Iraqi refugees start life all over


The former school principal is still learning English.

CLEVELAND (AP) — Khwater Nayef has two college degrees and was a school principal in Iraq. Her next job will likely be washing dishes or cleaning hotel rooms.

She and her three children are among the first Iraq war refugees to settle in Ohio.

As she tries to start over, she constantly thinks about the husband she left behind.

“I miss him,” she said, not knowing if he is already dead.

Nayef and her children left Baghdad a year ago, fearing for their lives.

Her husband, Saad Khalil Yousef, was an accountant for Iraq’s ministry of electricity. He was called a traitor by some because he helped in the repair of the power supply.

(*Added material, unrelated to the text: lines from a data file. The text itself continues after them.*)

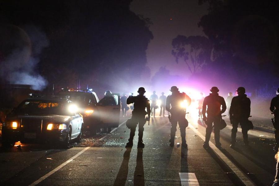 In Oakland, protesters attempted to block a highway, the Los Angeles Times reports, and when California Highway Patrol officers tried to get them back to the street, an explosive was thrown and two patrol cars vandalized. The officers used tear gas; one arrest was made.
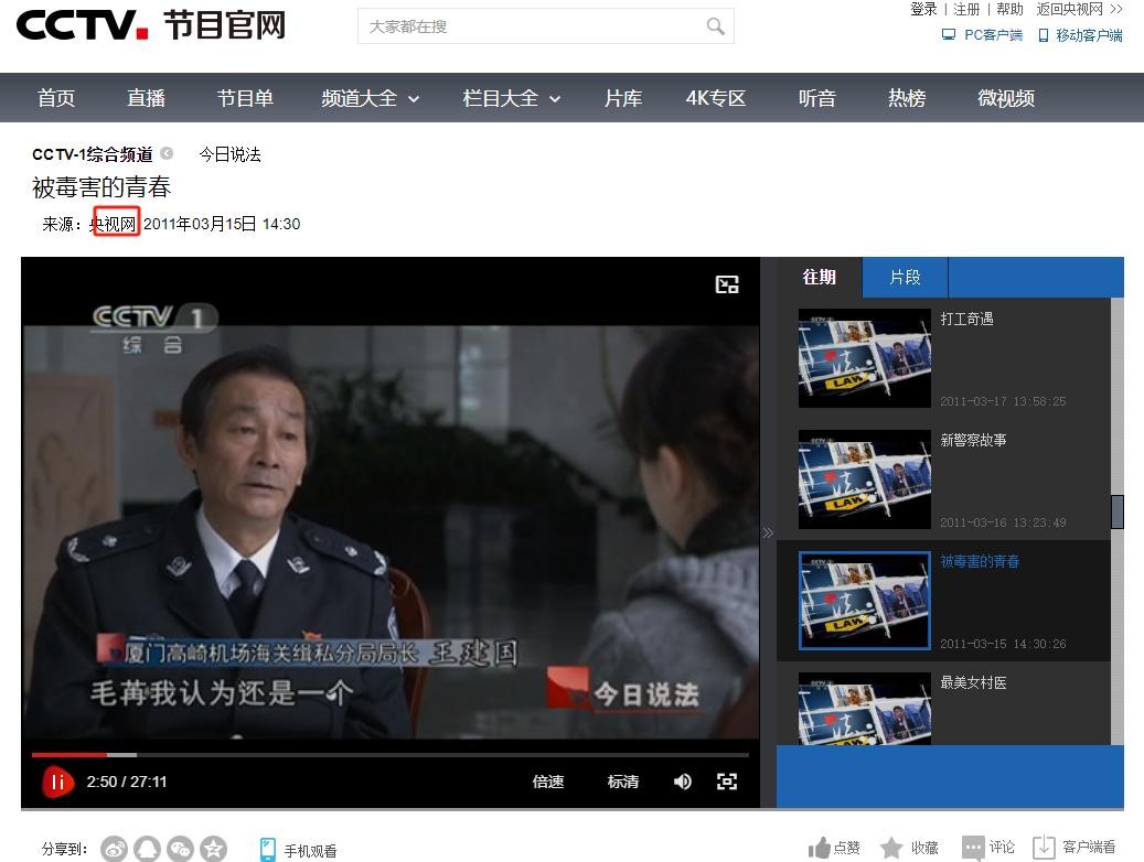 信息来源:央视网《今日说法》2011年3月15日——被毒害的青春
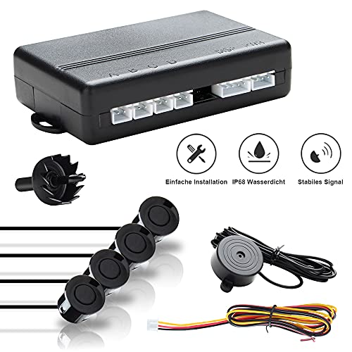 SWANEW Sensori Parcheggio Auto Parcheggio Posteriore Kit,4 Sensori Radar con Suono di Allarme - Nero
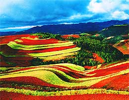 In China today, 130.04 million ha of land are cultivated, mainly on the Northeast Plain, the North China Plain, the Middle-Lower Yangtze Plain, the Pearl River Delta and the Sichuan Basin. The fertile black soil of the Northeast Plain, the largest plain in China with an area of more than 350,000 sq km, abounds in wheat, corn, sorghum, soybeans, flax and sugar beet. The deep, brown topsoil of the North China Plain is planted with wheat, corn, millet and cotton. The Middle-Lower Yangtze Plain’s flat terrain and many lakes and rivers make it particularly suitable for paddy rice and freshwater fish, hence its designation of “l(fā)and of fish and rice.” This area also produces large quantities of tea and silkworms. The purplish soil of the warm and humid Sichuan Basin is green with crops in all four seasons, including paddy rice, rapeseed and sugarcane, making it known as the “l(fā)and of plenty.” The Pearl River Delta abounds with paddy rice, gathered 2-3 times every year.
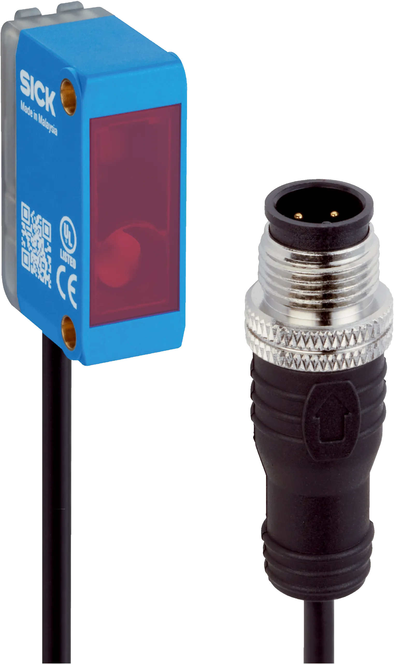 Photoelectric sensors | G6 | GLD6SP-34A121A0ZZZ | Sensing range min. / max.: 0.03 m / 6 m | Functional principle: Photoelectric retro-reflective sensor | Functional principle detail: With minimum distance to reflector (dual lens system) | Switching output: PNP | Switching mode: Light switching | Connection type: Cable with M12 male connector, 4-pin, 348 mm | Light source: PinPoint LED | Type of light: Visible red light | Housing material: ABS | Adjustment: None | Housing: Rectangular
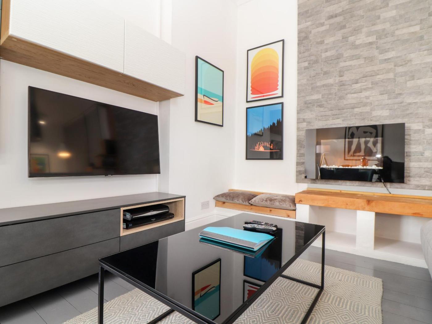The holiday home features 2 bedrooms, a TV, a fully equipped kitchen with a dishwasher and an oven, a washing machine, and 2 bathrooms with a walk-in shower. There is also a seating area and a fireplace.
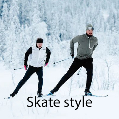 Skate lyžování, někdy označované jako bruslení, je dynamičtější styl určený především na upravené a dostatečně široké tratě. Vyžaduje pevnější povrch a více prostoru pro odraz do strany. Skate lyže jsou kratší než klasické a bývají také konstrukčně přizpůsobené vyšší dynamice jízdy.
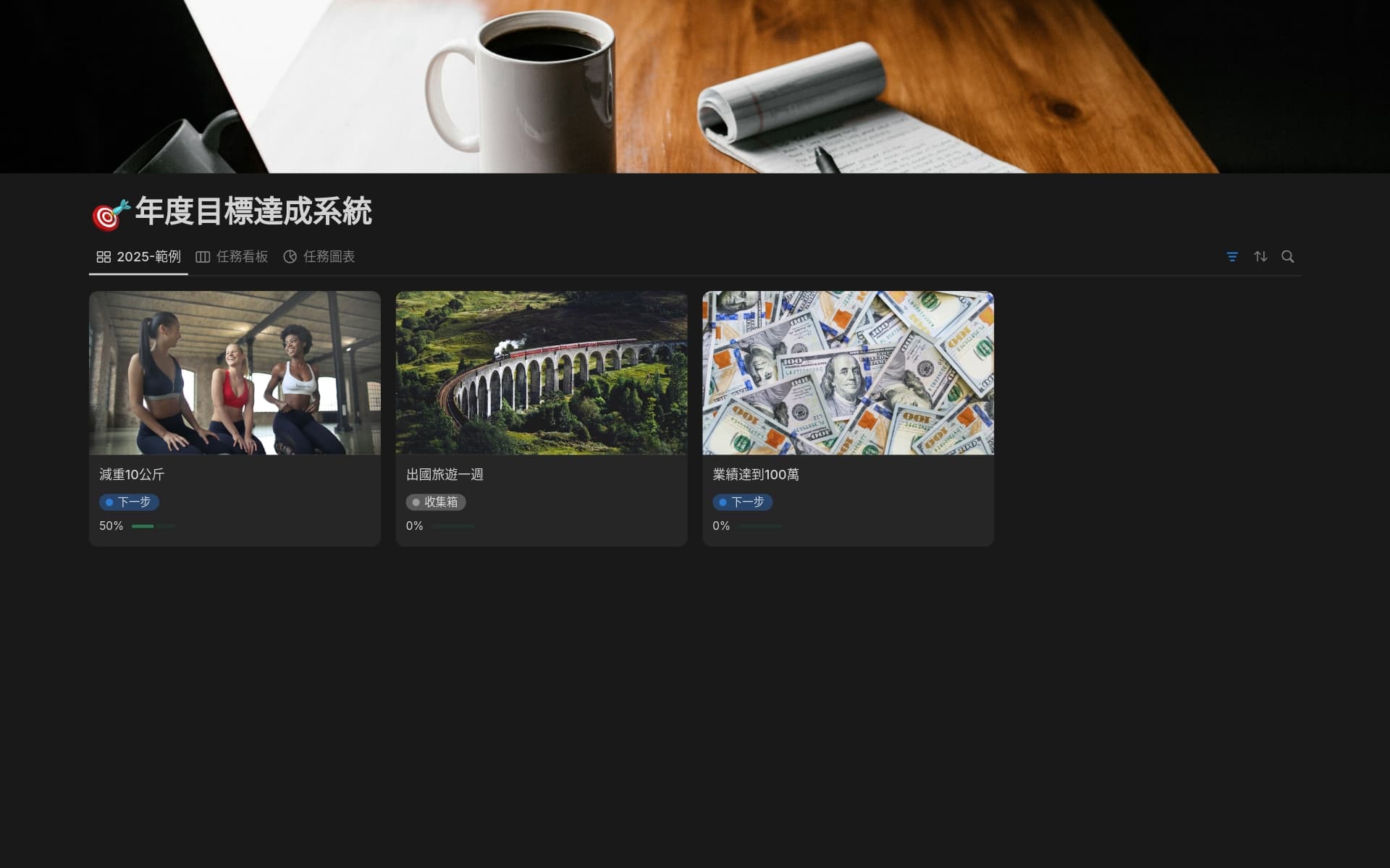 將範本新增至工作空間後,你可以依照需求盡情變更、編輯或更新內容。範本是輔助工具,助你建立心中理想的工作空間。

Death threats came after he saw executions at his job. He soon began planning the family’s escape to northern Iraq, but he disappeared while scouting a route last September.

Nayef has not heard from him since that day.

She went to the morgue twice a day until armed men nearly forced her into a car trunk. That’s when she and her boys fled, staying with her sister in Syria.

From there, a refugee worker contacted the U.S. Embassy, which offered U.S. visas and seats on a plane.

She told the officials she thought an uncle might live in Cleveland. It turned out that he didn’t, but she ended up in Ohio anyway.

Over the past year, the United States took in about 1,600 refugees from a war that has displaced millions.

There are 14 Iraqi refugees in Ohio, said Dennis Evans, a spokesman for the Ohio Department of Job and Family Services. Most of those have settled in the Columbus area, he said.

The government provides refugees with six months of basic assistance that pays for housing, food and English classes.

Catholic Charities set the Nayef family up in an apartment in Cleveland, where the children have adjusted faster than their mother.

Alhasan, 11, and Eisa, 9, like school and are asking for books written in English.

A teacher told Nayef that Muhammed, 14, was thriving in math class after just one week.

Farid Sadsi, a volunteer from a mosque who gave the family a prepaid cell phone for emergency calls, told Nayef that her two degrees would not help get a job because her English is too poor. She is taking an English class for immigrants.

“You have to start all over again,” Sadsi said.

“That’s how I started,” he said. “I know it’s hard. You are here. You are safe. Look at the people behind you.”

The 1,608 Iraqi refugees allowed into the in the United States between last September and this October is short of its goal for the year, according to State Department figures.

Officials said in February that they hoped to process about 7,000 Iraqi refugees for resettlement in the United States over the next year. At that than 500 had been allowed into the country since the war began in March 2003.

The target was reduced to 2,000 over the summer when it became clear the 7,000 figure could not be met.